Directions for this task: Quote exactly the lines from the one with "手繪極簡風格可愛居家插圖直式" to the end of the data, both included; omit the pictures.

Material provided:
_____
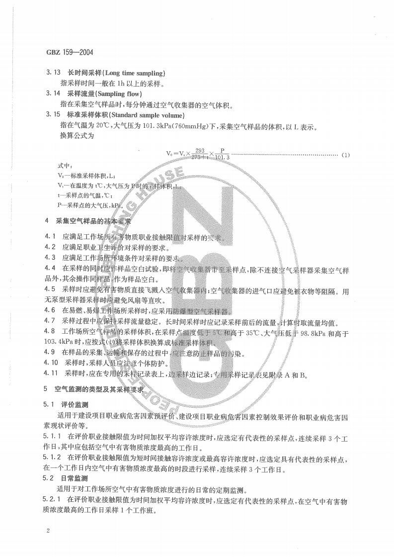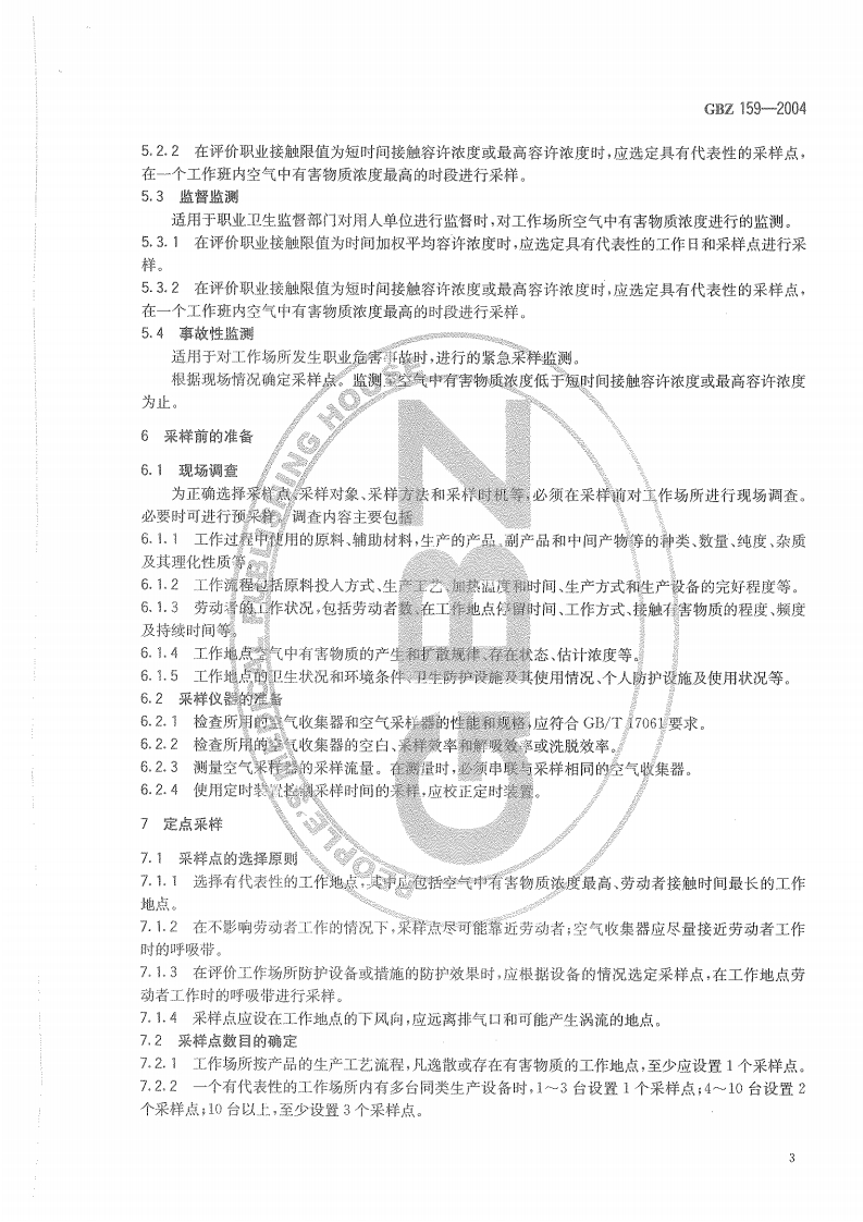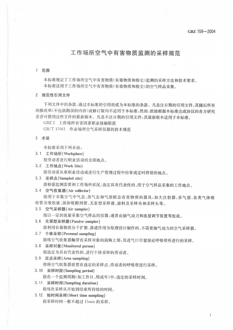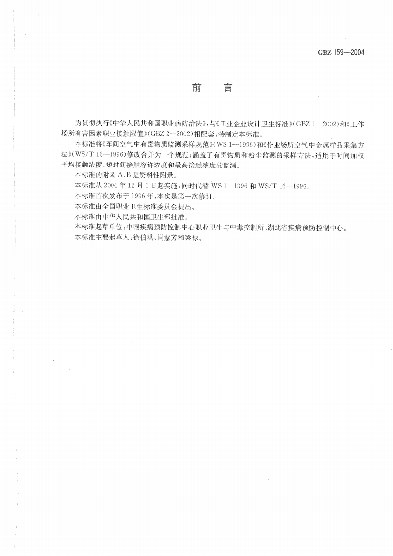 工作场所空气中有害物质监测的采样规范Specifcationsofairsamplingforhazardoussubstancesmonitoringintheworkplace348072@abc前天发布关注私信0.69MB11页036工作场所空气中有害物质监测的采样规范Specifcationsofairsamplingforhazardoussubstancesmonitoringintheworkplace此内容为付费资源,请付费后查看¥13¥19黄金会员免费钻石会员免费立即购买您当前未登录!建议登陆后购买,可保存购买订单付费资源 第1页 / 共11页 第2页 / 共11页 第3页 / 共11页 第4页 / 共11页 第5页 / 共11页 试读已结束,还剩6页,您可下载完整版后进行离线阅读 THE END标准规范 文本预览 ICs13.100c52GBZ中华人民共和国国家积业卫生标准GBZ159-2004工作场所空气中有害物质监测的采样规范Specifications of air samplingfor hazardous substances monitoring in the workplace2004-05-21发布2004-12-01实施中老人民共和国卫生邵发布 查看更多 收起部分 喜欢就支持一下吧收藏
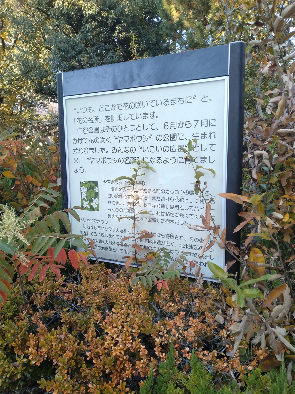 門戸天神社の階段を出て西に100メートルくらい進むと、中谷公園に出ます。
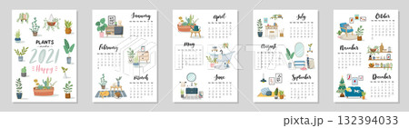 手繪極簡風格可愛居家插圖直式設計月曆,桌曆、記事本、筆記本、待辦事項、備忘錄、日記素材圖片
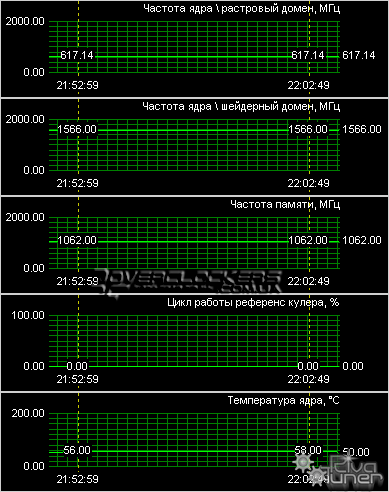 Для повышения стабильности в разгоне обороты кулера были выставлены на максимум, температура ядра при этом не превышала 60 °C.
_____
Result below:
 手繪極簡風格可愛居家插圖直式設計月曆,桌曆、記事本、筆記本、待辦事項、備忘錄、日記素材圖片
 Для повышения стабильности в разгоне обороты кулера были выставлены на максимум, температура ядра при этом не превышала 60 °C.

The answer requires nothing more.